Day 2 started with a keynote by Mary Ellen Zurko, Principal Engineer at Cisco Systems, in which she provided a tour down memory lane through security from S-HTTP to Experimenting At Scale With Google Chrome's SSL Warning.

From the research track, I first want to highlight a Yahoo Labs Research paper on Predicting Pre-click Quality for Native Advertisements. Native ads are defined as a specific form of online advertising, where ads replicate the look-and-feel of their serving platform. The authors introduce the notion of bad ads that have a high Offensive Feedback Rate (OFR), i.e., the relation between the number of times an ad was rated offensive and the number of impressions. According to the paper, the OFR metrics are more reliable than the commonly used click-through rate (CTR) metrics.

One of my favorite papers of the conference was Disinformation on the Web: Impact, Characteristics, and Detection of Wikipedia Hoaxes (lighter reading: slides, project homepage) that aims at identifying hoaxes on Wikipedia, i.e., deliberately fabricated falsehood made to masquerade as truth. Some famous hoaxes survived for more than nine years and were widely cited in the media.

I continued with the presentation of our Industry Track paper From Freebase to Wikidata: The Great Migration, in which we describe our ongoing data transfer project for migrating the (now shut-down) structured knowledge base Freebase to Wikidata. We further report on the data mapping challenges, provide an analysis of the progress so far, and also describe the Primary Sources Tool that aims to facilitate this—and future—data migrations. The tool has been released as open source.

For me, the day ended with an interesting paper on The QWERTY Effect on the Web—How Typing Shapes the Meaning of Words in Online Human-Computer Interaction. I had never heard of the QWERTY effect before, but it is based on the hypothesis that on average words typed with more letters from the right side of the keyboard are more positive in meaning than words typed with more letters from the left. According to the paper, there is some evidence that this hypothesis also holds true for the Web.

Main Conference, Day 3

In the paper Tell Me About Yourself: The Malicious CAPTCHA Attack, the authors show how fake CAPTCHAS (Completely Automated Public Turing tests to tell Computers and Humans Apart) can be used to trick users into unwillingly disclosing private information like one's Facebook name displayed in (social widget) iframes embedded in attack pages that do not have access to this private data due to the Same Origin Policy by having users solve such fake CAPTCHAs consisting of many CSS-disguised iframes.
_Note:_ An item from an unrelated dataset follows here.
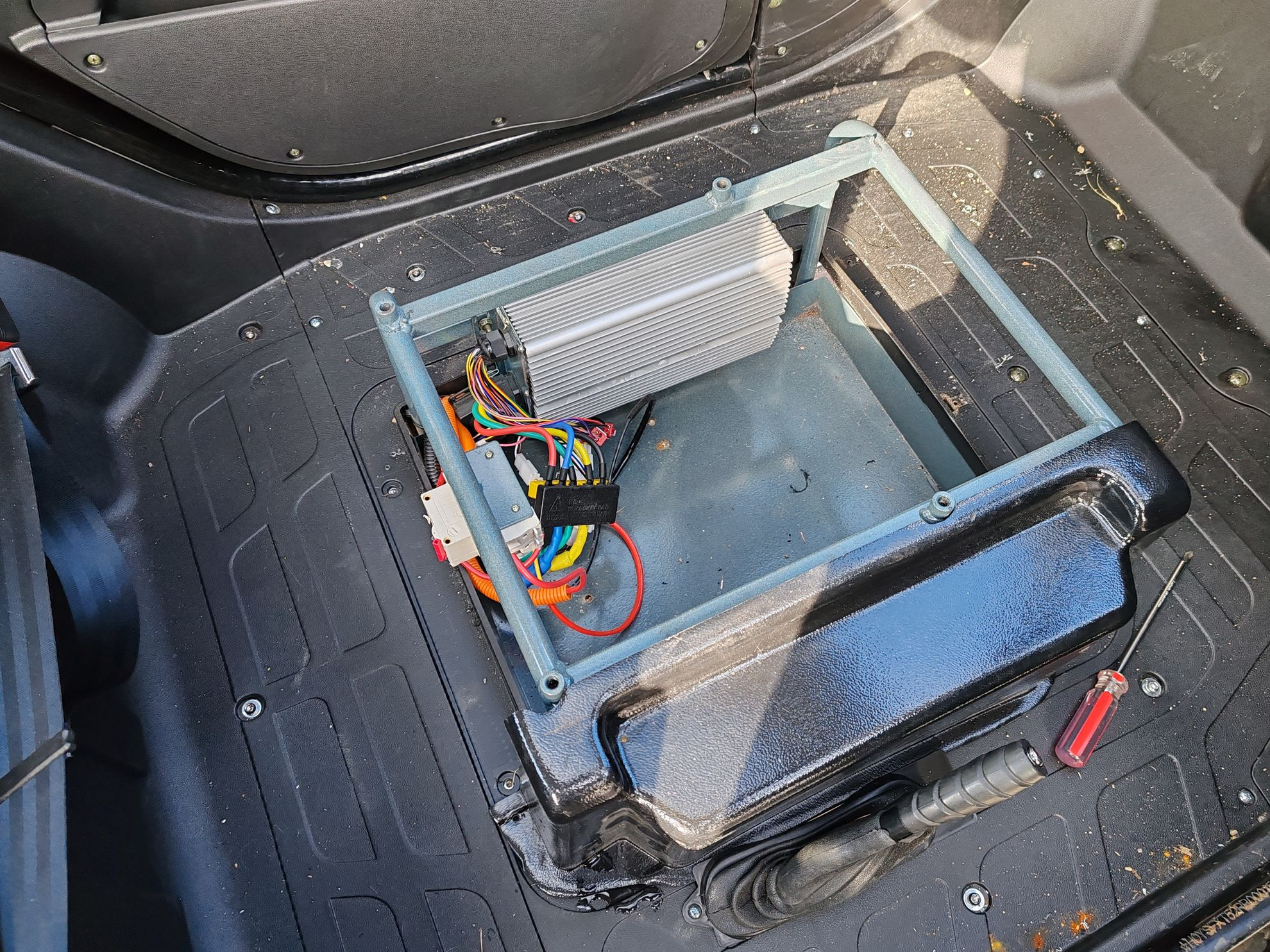 3. Die Plastik-Verkleidungsteile, außer dem Seitenteil-Handbremse, alle entfernen und man kommt an die Sicherung heran. Die ist von oben verschraubt. Auf die kleinen Muttern achten (von der alten Sicherung), bei meiner Ersatzsicherung waren keine dabei.

Google runs a service called Safe Browsing that alerts users when websites get compromised. In the paper Remedying Web Hijacking: Notification Effectiveness and Webmaster Comprehension, the authors provide a study that captures the life cycle of 760,935 hijacking incidents from July, 2014 to June, 2015, as identified by Google Safe Browsing and Search Quality. They observe that direct communication with webmasters increases the likelihood of cleanup by over 50% and reduces infection lengths by at least 62%.
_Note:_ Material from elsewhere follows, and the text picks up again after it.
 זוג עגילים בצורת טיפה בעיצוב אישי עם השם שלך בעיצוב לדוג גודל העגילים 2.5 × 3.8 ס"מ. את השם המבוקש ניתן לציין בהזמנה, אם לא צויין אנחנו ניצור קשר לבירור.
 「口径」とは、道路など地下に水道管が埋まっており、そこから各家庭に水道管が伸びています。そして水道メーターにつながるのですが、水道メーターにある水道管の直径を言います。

Another paper on Wikipedia looked at Growing Wikipedia Across Languages via Recommendation by detecting missing articles, ranking them by local importance, and finally contacting potential Wikipedia editors via email and suggesting them to write the article in question. The authors have deployed the Wikipedia GapFinder that shows the appraoch in practice.

Other Observations

The Social Media Research Foundation provides a NodeXL-based visualization of the network of tweets that used the #WWW2016 hashtag, including all my #WWW2016 tweets.

One thing I noticed at the conference is that we (and I fully include myself here) from time to time still tend to unconsciously use stereotyped, gendered language where it is inadequate in the general case ("so easy my mom or grandma could use it", "to pass the 'mom test'", etc.). I called this out in a tweet. You may want to follow the interesting conversation it has started on Twitter or Facebook (if you are friends with me). This tweet led Christopher Gutteridge to create the imaginative naive Web user Rube.

Oh, and in the old days, there used to be more bananas… Next conference!